Adoption is a complex thing. It serves many purposes and yet…it has an ability to wound, to heal, to lift up, to destroy, to save lives, and to shuffle lives. There are always imprints of a life that was supposed to be; melded into the life that is gifted and aborbed into another family. There are moments of: celebration, sadness, regrets, and purposeful choices; adoption is a wonderfully, painful mixture of the emotional buffet of life! It is a parent’s responsibility to seek excellence for the quality of life for their children.
Our family is special and unique; I bet your family is too! We have had many successes as a family; as well as, some twists and turns that were unexpected. The dream of a new parent doesn’t usually include the expectation that things could turn out differently from the dream of a picture perfect family. A birth family or an adopted family does not get to choose from an ‘ala carte menu, of challenges it may or may not face. As most parents would say, we live and breath for our children; and yet, we are not ashamed to say at times…we wonder…did we do the right thing? Our children didn’t get a choice in life in which family they would grow up in. There are shades of grey for each person…balancing the pros and cons of adoption.

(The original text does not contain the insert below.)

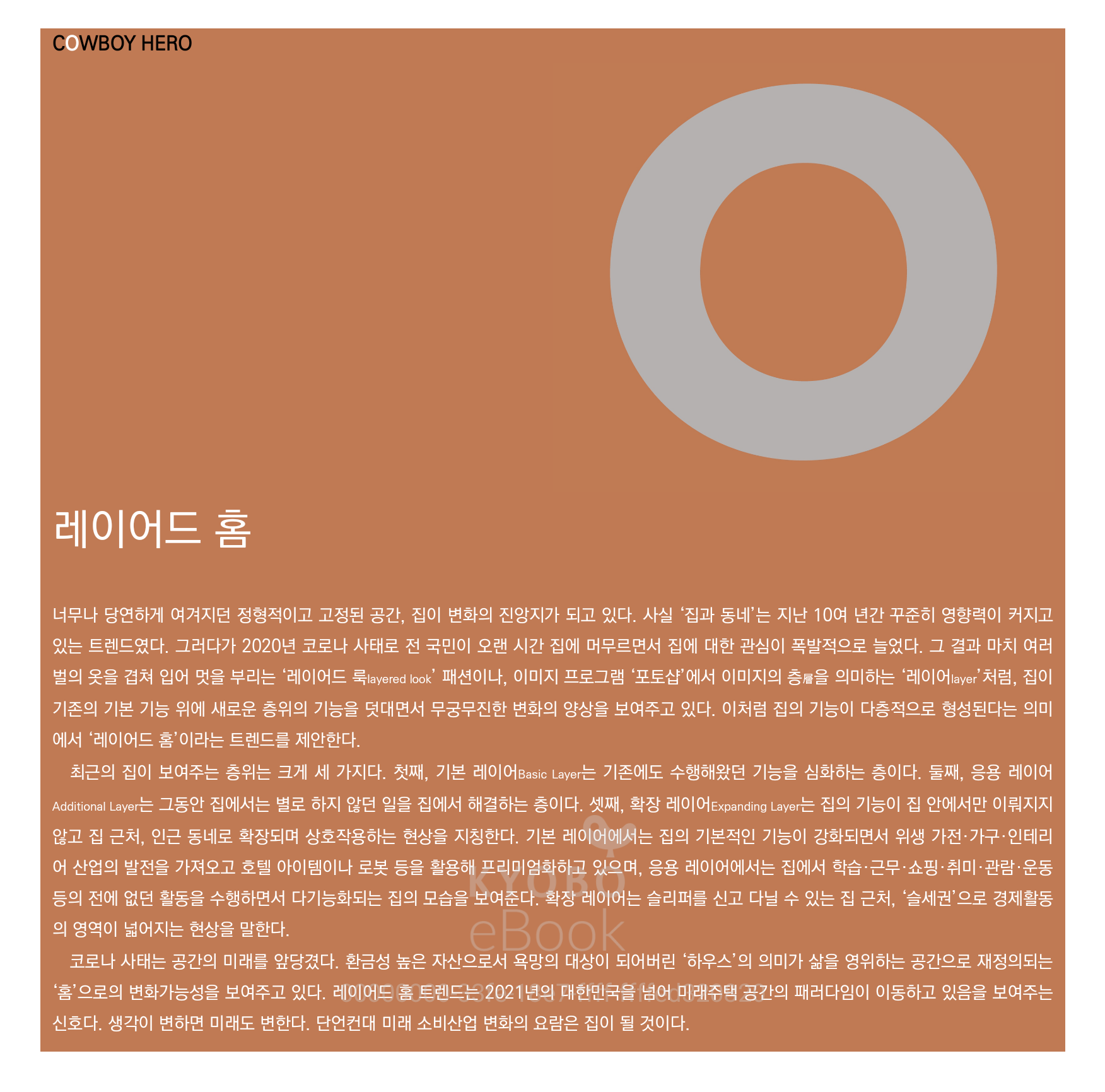 너무나 당연하게 여겨지던 정형적이고 고정된 공간, 집이 변화의 진앙지가 되고 있다. 사실 집과 동네'는 지난 10여 년간 꾸준히 영향력이 커지고있는 트렌드였다. 그러다가 2020년 코로나 사태로 전 국민이 오랜 시간 집에 머무르면서 집에 대한 관심이 폭발적으로 늘었다. 그 결과 마치 여러벌의 옷을 겹쳐 입어 멋을 부리는 '레이어드 룩layered look' 패션이나, 이미지 프로그램 포토샵에서 이미지의 층層을 의미하는 '레이어layer' 처럼, 집이기존의 기본 기능 위에 새로운 층위의 기능을 덧대면서 무궁무진한 변화의 양상을 보여주고 있다. 이처럼 집의 기능이 다층적으로 형성된다는 의미에서 '레이어드 홈'이라는 트렌드를 제안한다.

Whether a child is brought into a family by birthing it into the family, or by adoption…the child is received with awe, with excitement, and with hope for a beautiful future. There are unexpected situations at times regarding health issues, behavioral issues, attachment issues, emotional issues and even loyalty issues. Those things and more can affect the foundation of a family.

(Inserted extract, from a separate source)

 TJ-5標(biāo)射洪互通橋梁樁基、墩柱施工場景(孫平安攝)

Many families are jolted to learn that their child has special needs or that their adopted child has issues that will affect them and their family for years to come. It is a difficult time for parents and other siblings to struggle to learn about the issues facing the family…because…none of us go it alone.

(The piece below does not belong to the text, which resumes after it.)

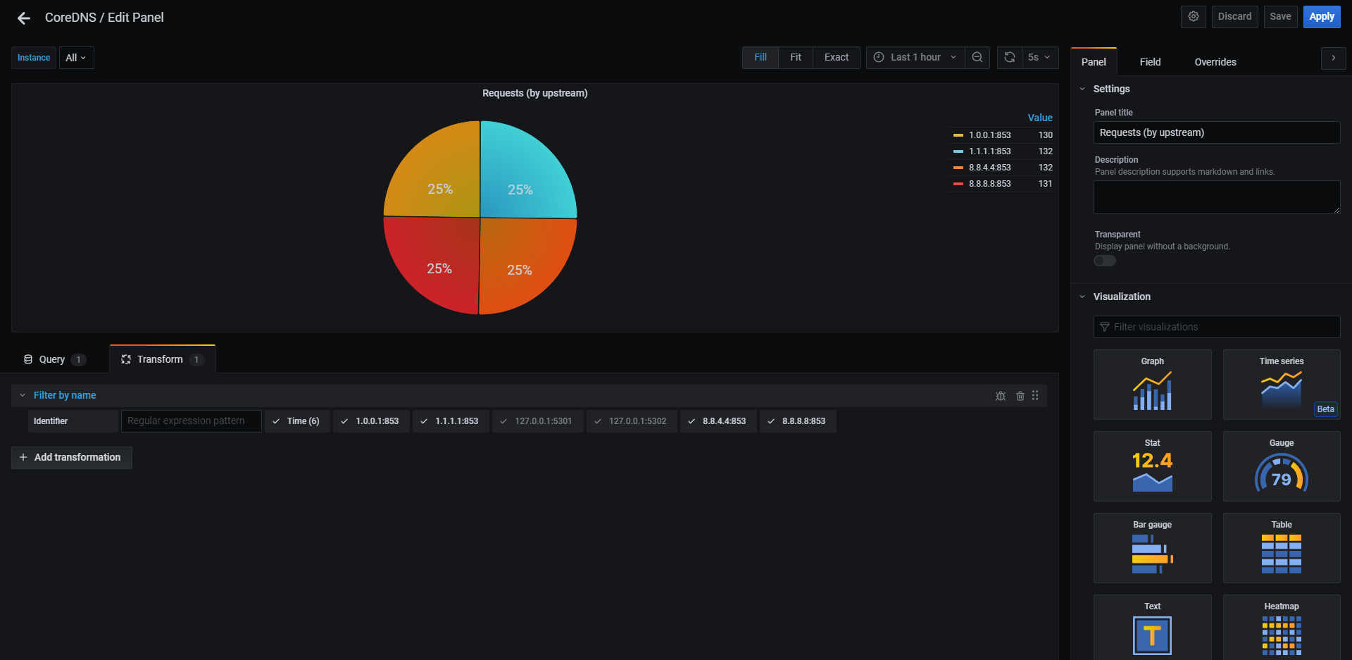 The "Requests (upstream)" piechart should be modified to fit your needs. Edit the panel, go to the "Transform" tab, and exclude (or re-include) any DNS servers from the pie chart that you wish. This is shown in the last screenshot.

Family is a support system all unto itself…but, sometimes the issues can seem overwhelming. That is the time that families need to reach beyond their boundaries that are self imposed, because many do not understand what we face as families with challenges. Don’t let that stop you from reaching out. You just might be surprised by the impact that you could have on another…or vice versa.
Really, for many people going through the shattered reality that their family is not following the dream of perfect completion…there is a sense of isolation and a perceived lack of understanding from others who have not walked in the same pair of shoes.
So, is there a need for support and information for families who have experiences that can mirror each other? Is there a wealth of understanding that is untapped because we have not had the opportunity to join forces and absorb techniques and encouragement from one another? I think there is. I have heard so many comments that would break your heart. Families that are under so much strain that they threaten to break and disintegrate under the pressure. If one person or family can benefit from sharing and encouraging each other here; then, the blog will have served it purpose.
Do you know someone who has things to share? Do you know someone who could benefit from a little support or information? Do you know someone who is facing a future with a special needs child and is struggling? Do you know someone with rose colored glasses that is thinking about adoption; but, isn’t willing to accept anything less than perfection? Bring them to a place that will enlighten them, encourage them, and embrace them! Families should be celebrated and enjoyed…not everyone is blessed with people to share their love with.